Ketika kita berpandangan bahwa game-based learning harus selalu menggunakan game digital, kita kemudian berpikir ini hanya cocok untuk pembelajaran secara mandiri (digabung dalam LMS yang ada). Kita kemudian jadi terjebak menghadirkan proses learning atas landasan teknologi yang ingin digunakan. Tidak melihat learning culture yang ada. Dengan pendekatan yang tepat, game-based learning bisa sangat efektif dihadirkkan diberbagai ruang pembelajaran. Baik online maupun in-class. Untuk individual maupun group learning.
Satu hal yang mungkin kita perlu perhatikan adalah apa yang menjadi kekuatan dari target learning kita. Apakah mereka lebih nyaman belajar secara komunal/group, ataukah mereka lebih nyaman belajar mandiri/individual? Setelah memahami ini, kita kemudian bisa hadirkan program game-based learning yang sesuai.
Game-based learning program hanya bisa dilakukan dengan educational game.
Hal ini tidak tepat. Game-based learning program tidak selalu harus menggunqkan educational game khusus. Landasan dasar game-based learning adalah experiential learning.
Dengan memahami experiential learning, kita bisa mengetahui bahwa 3 fase peting yang harus dihadirkan:
– Fase pembuka, untuk memotivasi keterlibatan peserta
– Fase Simulasi/Experimen, untuk peserta bisa mengambil keputusan, melakukan aksi, melihat dampaknya – mendapatkan pengalaman
– Fase Refleksi, untuk peserta bisa merefleksikan apa yang dialami, apa yang dipelajari, apa yang dipahami untuk kemudian bisa coba kita motivasi untu diimplementasikan secara luas.
Tiga fase di atas tentu akan lebih mudah dihadirkan ketika game yang digunakan memang didesain untuk tema learning yang ingin kita sampaikan. Namun pada dasarnya kita bisa mengimplementasikan ketiga fase di atas dengan game apapun. Sehingga yang penting dalam proses game-based learning adalah bagaimana kita coba menghadirkan prosesnya, bukan melulu soal teknologinya.

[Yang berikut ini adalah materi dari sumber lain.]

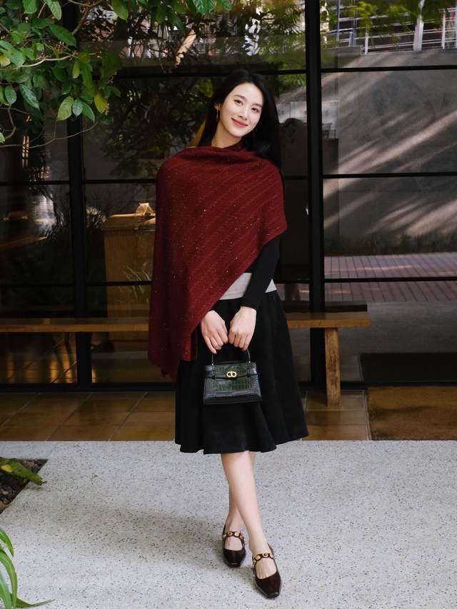 肩膀上再披上一条红色的领巾,和脚上的棕红色浅口单鞋酿成色调呼应。经典的配色文静又耐看。少量红绸又暗暗注入活力,让穿衣打扮勤俭却不只调。
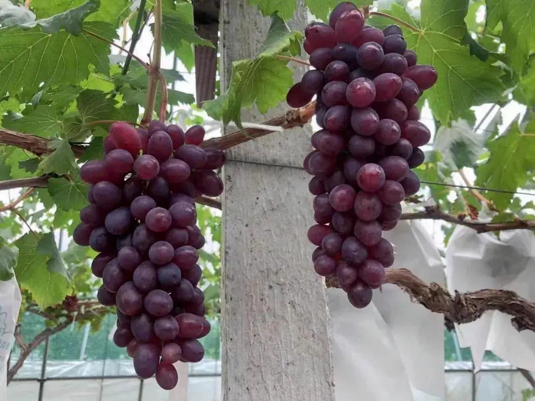 目前成熟的品种有“早夏黑”“寒香蜜”“黑巴拉多”“申爱”等多个品种,其中“申爱”作为上海农科院研究的新品种,果形较小,糖度却能达到20度左右。7月中旬过后,巨峰、阳光玫瑰等中熟葡萄将开始上市。

Game-Based Learning = Gamification.
Game-based learning artinya menggunakan game sebagai media pembelaran utama. Gamification secara sederhana memanfaatkan konsep game di luar game itu sendiri. Umumnya untuk memotivasi peserta melakukan tindakan tertentu (yang lebih baik) Ini dua hal yang berbeda.
Miskonsepsi Gamification
Sama halnya dengan game-based learning, gamification saat ini pun sudah mulai populer diterapkan di berbagai organisasi. Tak jauh berbeda, gamificiation rupanya juga mengalami banyak kesalahan dalam pemahamannya. Berikut adalah di antaranya:
Gamification adalah sesuatu yang baru.
Gamification bukan sesuatu yang baru. Sudah diimplementikan sejak lama. Salah satu Implementor program gamification yang baik adalah LetJen Robert Baden Powell yang juga merupakan Bapak Kepanduan Dunia. Banyak aspek kepanduan sejak lama sudah memanfaatkan poin, badge, juga leaderboard – yang notabenya adalah bentuk dari gamifikasi. Memahami bahwa gamifikasi bukan sesuatu yang baru akan menghindarkan kita dari miskonsepsi selanjutnya, yaitu
Gamification harus selalu menggunakan Apps
Tidak harus selalu menggunakan apps. Tentu apps akan memandu implementasi yang lebih baik jika dikembangkan dengan tepat. Tapi awal pemikiranny bukan appsnya, tapi mekanisme (gamification) apa yang paling optimal untuk memotivasi perubahan. Baru kemudian jika dibutukan kita pikirkan/kembangkan appsnya. Jika kita berpikir bahwa gamification selalu butuh apss, kita bisa terjebak sibuk memikirkan appsnya. Sama seperti ketika kita bicara game-based learning, kita malah terjebak oleh teknologi.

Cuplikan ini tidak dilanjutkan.